To simplify the classifier’s complexity and improve the accuracy of the classification, the most relevant features were automatically identified by a feature selection step. First, the Fisher’s discriminant ratio [10] reduced the set from 10 to 6 features. The Sequential Backward Selection [11] decreased the set further to 4 features: Area SpO2, HR, SpO2 and StO2. The feature selection was carried out on the individual subject level, and in two subjects solely HR and SpO2 were selected. The resulting reduced feature sets were used to train and test the four supervised machine learning algorithms : (i) decision tree (DT), (ii) 5-nearest neighbors (5-NN), (iii) naïve Bayes (NB) and (iv) support vector machine (SVM). Each was implemented in the MATLAB Statistics and Machine Learning Toolbox. The learning phase was repeated 10 times. The classifier was tested each time on different data. To avoid overfitting [12], a ten-fold cross-validation procedure was employed, i.e. in a rotational manner, nine subsets were used as a training set and the remaining one as a test set.

3 Results

During a mean measurement time of 55 min in 14 subjects, 27 true and 578 false alarms occurred. The real alarms occurred at a rate of median 1.5 per measurement. The most important features to discriminate the type of alarm in the classification phase were the area below the SpO2 threshold, HR, SpO2 and StO2, in this order. To evaluate the performance of classifications the accuracy (percentage of correctly classified instances over the total number of instances), sensitivity (percentage of situation classified as real alarms that actually were the real alarms), and specificity (percentage of situations reported as false alarms that actually were the false alarms) are shown in Fig. 3 and Table 3. These values are based on the average of the 10 iterations.
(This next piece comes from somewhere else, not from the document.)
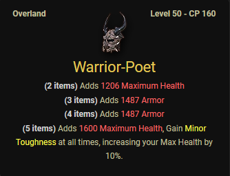 Much like the Plague Doctor set, Warrior-Poet offers you benefits in the form of sheer health. It’s also an Overland set, meaning you’ll find heaps of it in Guild Traders everywhere, and you can easily mix and match it with other harder-to-obtain sets.
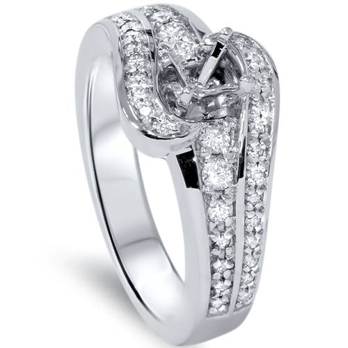 This 1/3ct Diamond Engagement Setting by Pompeii3 offers a classic yet modern semi-mount design. Featuring 40 round brilliant cut natural diamonds set in solid 14k white gold, this engagement setting provides the perfect foundation for a custom center stone. With options for round or square prongs, this setting is ideal for creating a personalized engagement ring that reflects your unique style.

It is noteworthy that the cerebral StO2 improved the classification accuracy.

Fig. 3
figure 3

Mean accuracy, mean sensitivity and mean specificity for NB, 5-NN, SVM and DT classifiers. DT has the highest accuracy and sensitivity of 98.67% and 87.52%, respectively

Table 3 Mean (standard deviation) performance of the four classifiers

4 Discussion, Conclusions and Outlook

The achieved specificity of >99% and the sensitivity (87.52%) is comparable to the results reported in [13,14,15] for (N)ICUs, realized either with MLAs or with other approaches such as, e.g., the employment of multimodal descriptive statistics, Fourier and Hilbert transform to categorize the alarms. It has to be kept in mind that, generally, MLAs require a large amount of data to be trained effectively. In our case, the amount of data was certainly not optimal, because it was too few data with too few real alarms, due to the imbalance between true and false alarms . Taking this into consideration, impressive accuracy, specificity and sensitivity were, nevertheless, achieved. Of course, for a clinical application the highest sensitivity of 87.52% by the DT MLA would not be sufficient. Since missing a real alarm could be detrimental for patients, 100% detection of the real alarms is needed. To obtain higher sensitivity in the future, we will include larger datasets and use strategies to handle the above-mentioned imbalance. We conclude that all four tested MLAs yield promising results and we are convinced that 100% sensitivity can be achieved by increased training. This study shows that indeed the false alarms can be eliminated with modern MLAs, and that once the legal problems are solved, MLAs can rapidly be implemented in the standard care of the NICU. This will lead to better working conditions for the staff and a higher quality of care, as well as less stress for the neonates and their parents. Ultimately, this will reduce brain injury and long-term disabilities.